The data:
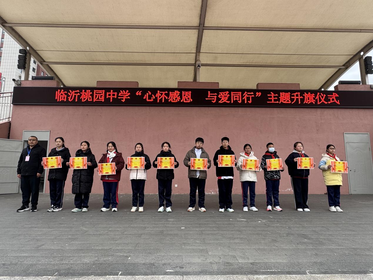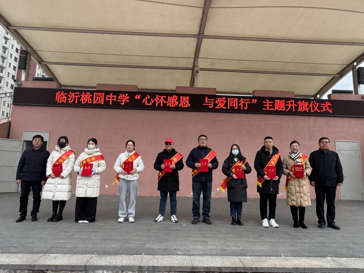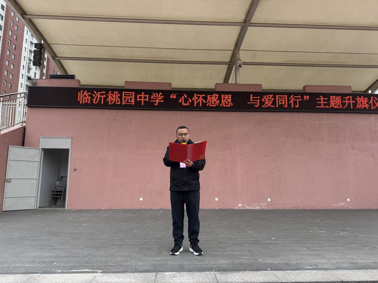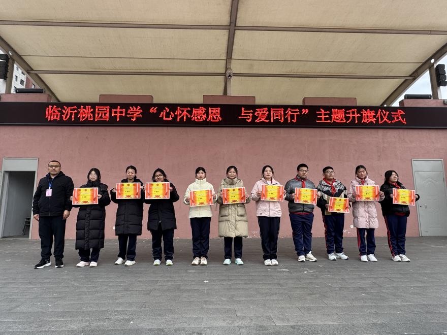 12月22日,临沂桃园中学全体师生齐聚操场,隆重举行“心怀感恩 与爱同行”主题升旗仪式。
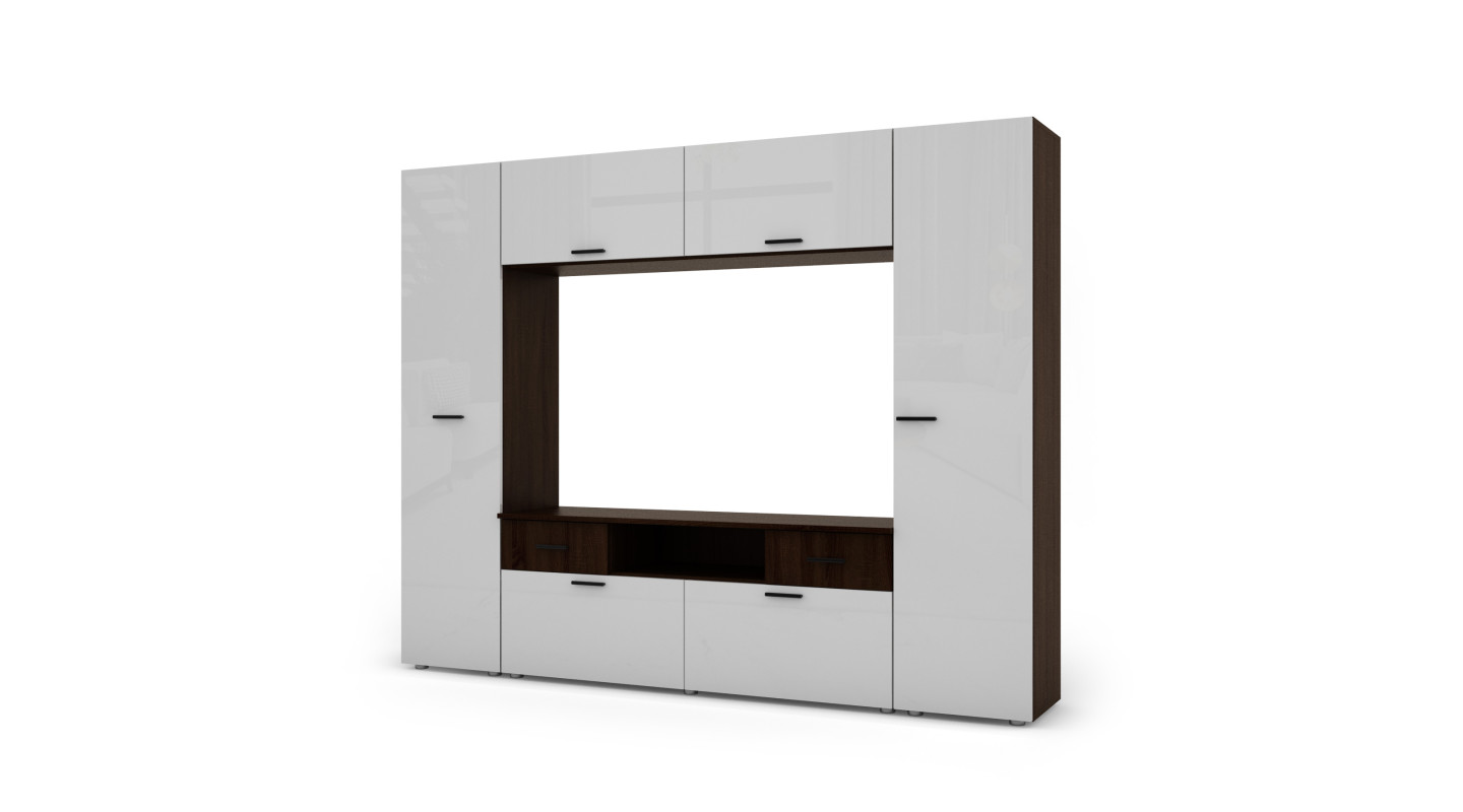 Die Wohnwand mit Multimedia-Schrank ist ein elegantes und funktionales Möbelstück, das sich perfekt in Ihrem Raum macht. Ein komplexes System, das Regale, Schränke und Raum für Unterhaltungselektronik vereint.
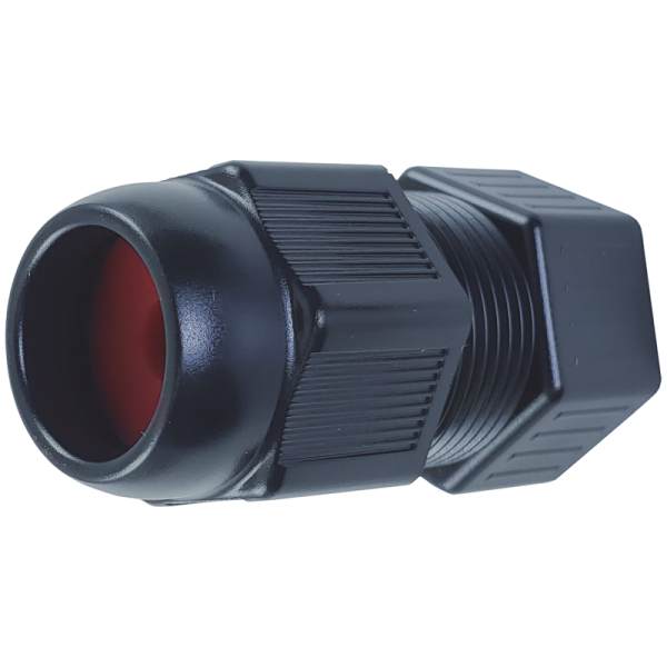 Weatherproof gland for RJ45 allows networking cables to run in and out of the enclosure without the risk of water getting inside the enclosure. Black PVC.
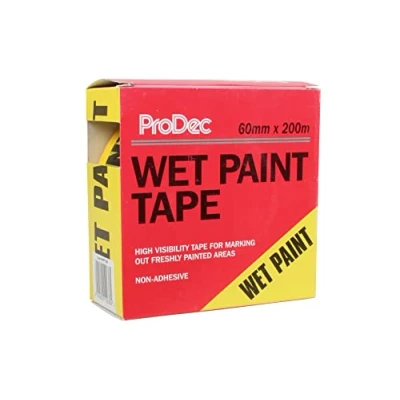 ProDec PWPT200 60mm x 200m (2.5" 650 ft) Wet Paint Warning Barrier Tape, Non Adhesive Yellow and Black Tape for Highlighting Freshly Painted Areas, Supplied in Dispenser Box
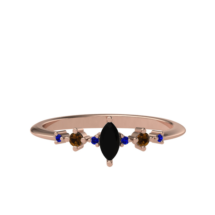 Siyah zirkon, dumanlı kuvars ve lab safir 925 ayar rose altın kaplama gümüş yüzük
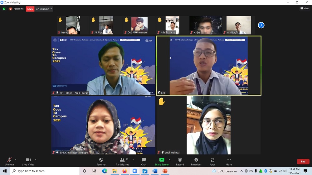 Kantor Pelayanan Pajak Pratama Palopo bekerja sama dengan Universitas Andi Djemma Kota Palopo menyelenggarakan kegiatan Tax Goes To Campus secara daring dengan Tema “Milenial Bijak Taat Pajak” di Palopo, Sulawesi Selatan (Rabu, 27/10).
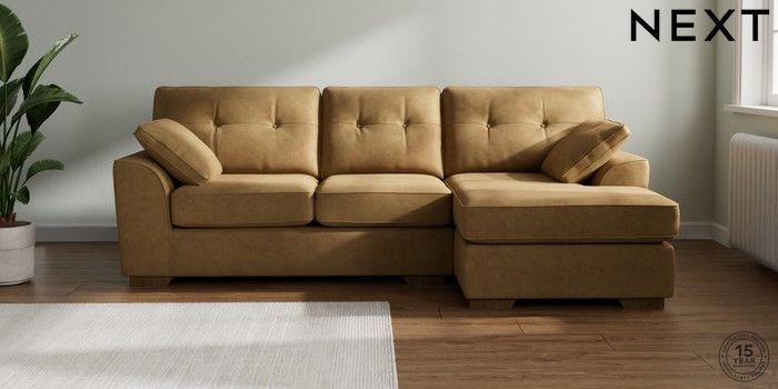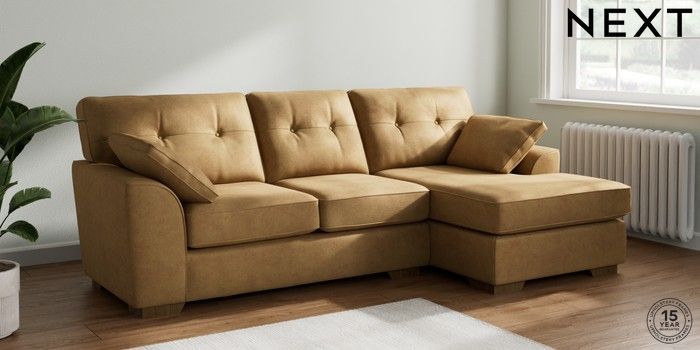 7.2.10 Stamford Buttoned Back Medium Sofa Chaise - Right Hand Luxe Chenille Honey Yellow Large Square Angle - Mid | Made Click here to use our website with more accessibility support, for example screen readers
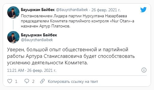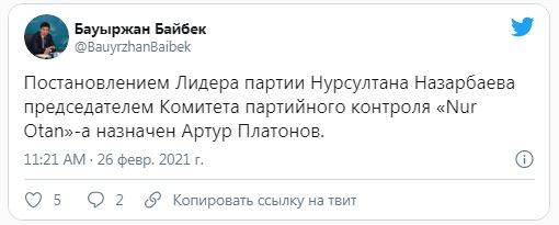 — Постановлением Лидера партии Нурсултана Назарбаева председателем Комитета партийного контроля Nur Otan-а назначен Артур Платонов, — написал он.
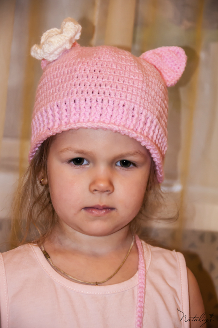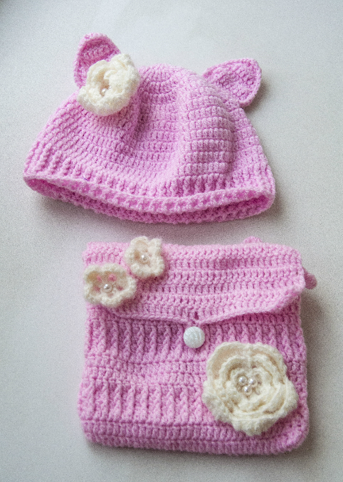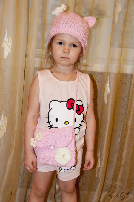 Очень обалденную шапочку-котика и к ней сумочку. Доча в восторге!
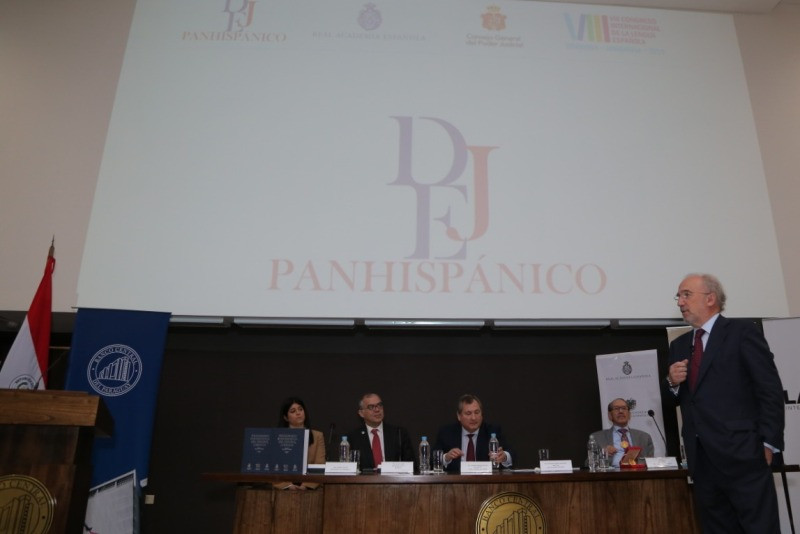 25 de Marzo de 2019El director de la Real Academia Española y presidente de la Asociación de Academias de la Lengua Española (ASALE), Santiago Muñoz Machado, ha presentado hoy en Asunción el Diccionario panhispánico del español jurídico (DPEJ), obra elaborada conjuntamente por la RAE y el Consejo General del Poder Judicial (CGPJ) y publicada por Santillana.
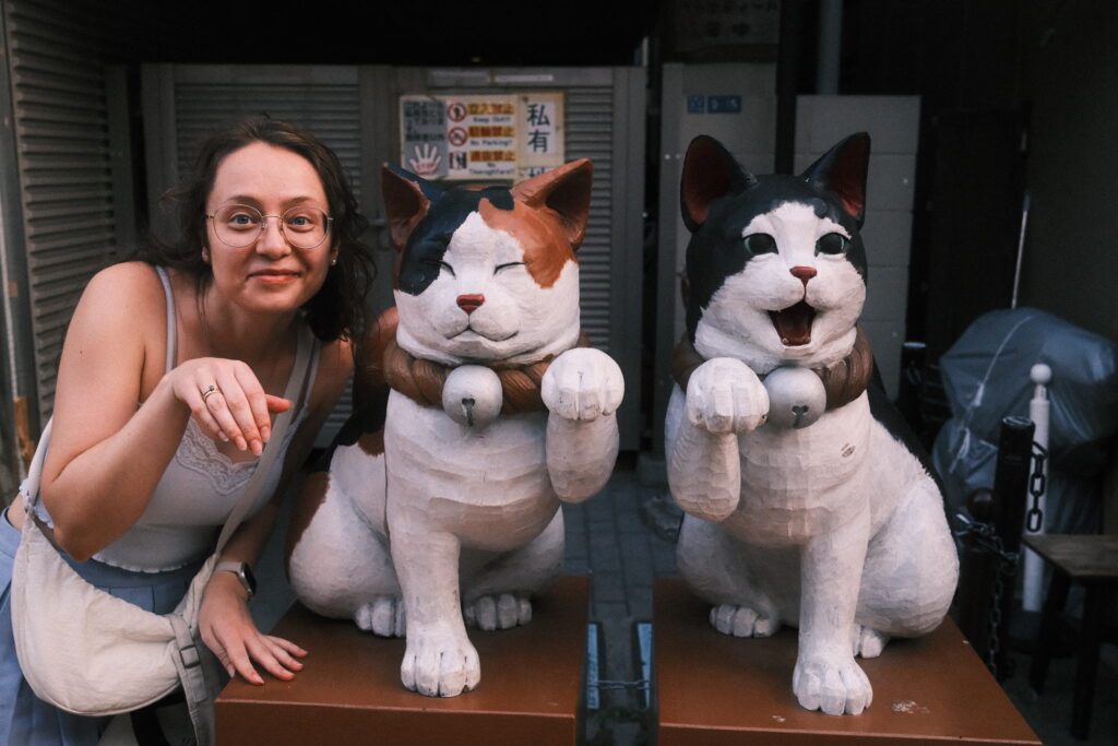 Im Anschluss ging es zu den Sunset Stairs (Yanaka Ginza), da es dort neben einem schönen Ort zur Sonnenuntergangsbetrachtung auch einige Katzen geben sollte. Die Sonne war da, nur leider neben ein paar Katzenfiguren keine Echten. Am Ende der Treppen gab es dann eine kleine Stärkung in einem sehr authentischen Restaurant. An unserer Verständigung müssen wir aber noch etwas arbeiten, denn auf die Frage nach Sushi bekam Alona ein „Haben wir leider nicht mehr, es ist nur noch Thunfisch da“ – egal, so gab es wieder leckeres Ramen.

Required action: All that is wanted is the lines above between the one containing "ProDec PWPT200 60mm" and the one containing "7.2.10 Stamford Buttoned", inclusive, restated word for word, with pictures omitted.

Output for this exercise:
 ProDec PWPT200 60mm x 200m (2.5" 650 ft) Wet Paint Warning Barrier Tape, Non Adhesive Yellow and Black Tape for Highlighting Freshly Painted Areas, Supplied in Dispenser Box
 Siyah zirkon, dumanlı kuvars ve lab safir 925 ayar rose altın kaplama gümüş yüzük
 Kantor Pelayanan Pajak Pratama Palopo bekerja sama dengan Universitas Andi Djemma Kota Palopo menyelenggarakan kegiatan Tax Goes To Campus secara daring dengan Tema “Milenial Bijak Taat Pajak” di Palopo, Sulawesi Selatan (Rabu, 27/10).
 7.2.10 Stamford Buttoned Back Medium Sofa Chaise - Right Hand Luxe Chenille Honey Yellow Large Square Angle - Mid | Made Click here to use our website with more accessibility support, for example screen readers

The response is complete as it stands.